Quindi almeno la metà del portafoglio sarà presidiata in versione ESG (il che vuole dire che il 49% non lo sarà, probabilmente per continuare ad acquistare emittenti “controversi” e la metodica di selezione sarà decisa dal gestore che deciderà i punteggi da attribuire ai vari emittenti. Attivismo nell’attivismo insomma. Presente anche un filtro che esclude paesi o società in produzione di armi controverse, carbone termico, tabacco e altri.

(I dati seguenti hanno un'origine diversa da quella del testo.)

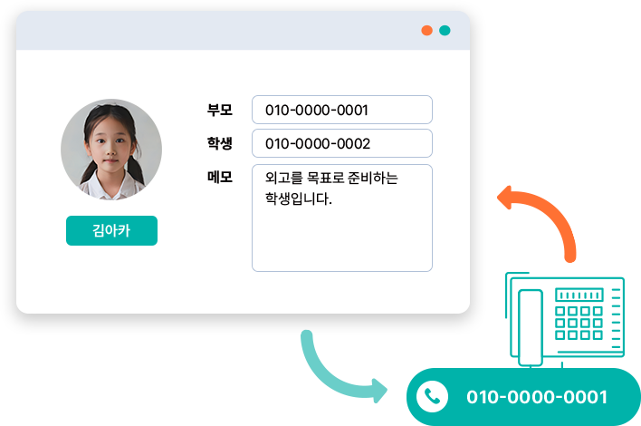 인터넷 전화 연동전화가 울리면 학생정보창 팝업으로 신속한 상담응대

ETF attivi di JP Morgan: attenzione ai costi
Se l’attivismo nella gestione è ricordato anche in altri parti del KID, quello che però sorprende sono i costi. Decisamente elevati per essere un ETF visto che il KID indica addirittura in 0,7% le spese correnti. Siamo a livelli di un ETF tematico o di geografia regionale, troppo per un ETF obbligazionario aggregate dove l’alfa del gestore è merce molto rara.
Sorvoliamo per il momento sul portafoglio che nei prossimi mesi potrà fornirci qualche indicazione in più sul reale attivismo dei gestori, ma nel complesso questi nuove ETF di JPM non sembrano per ora fornire dati in grado di renderli preferibili ai tradizionali global aggregate bond passivi già quotati i cui costi sono contenuti nell’ordine dello 0,1% annuo con replica fisica. Abbastanza fumosa poi la politica di gestione che sembra tenersi le maglie piuttosto larghe sia su qualità degli emittenti che su grado di sostenibilità ESG. Confido in un miglioramento della chiarezza comunicativa nelle prossime emissioni “attive”.